Objection was then taken to certain paragraphs of the affidavit of Mr Taddei sworn 10 December 2001. Objection was taken to par 1 and the deponent's explanation of the whereabouts of Mr Baumgartel. I am satisfied that this material is unexceptional. The evidence merely indicates what has become of Mr Baumgartel and is not, as I read it, in any sense attempting to say what his evidence might have been. Certain other objections were taken to various paragraphs of this affidavit, but after clarification, those objections were withdrawn. However, the final sentence of par 6 is, I think, irrelevant and ought be struck out.

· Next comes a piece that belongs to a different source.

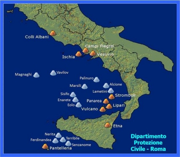 Mappa dei vulcani Italiani e mari prospicenti
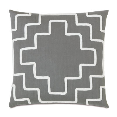 Create an accountDowney radiates confidence in strong stripes and fashionable ikat prints. This decorative pillow is crafted from 100% linen featuring a brush fringe applique. Finished with a knife edge. Cool slate and gold hues give Downey a trendy urban attitude with a flair for global influence.

Finally, there is the affidavit sworn by Michael Charles Hotchkin on 11 December 2001. Objection is taken to par 6 of that affidavit and to the inclusion of exhibits "MCH5" through to "MCH10". It is said that the paragraph is hearsay and that on the final hearing of an application such as this, statements of information and belief are not permitted. In my view the objection is properly taken. It can easily be cured by having an affidavit sworn by Ms Robyn Amey and no objection could be raised to such an affidavit being admitted into evidence. The objection is technical.
Once objections were raised to the contents of affidavits, particularly that of Mr Williamson, a ruling was needed before the action could proceed. It now stands part‑heard. Consequent upon the publication of these reasons, one or other of the parties may seek leave to file further affidavit evidence. I will hear the parties as to the need for further programming orders.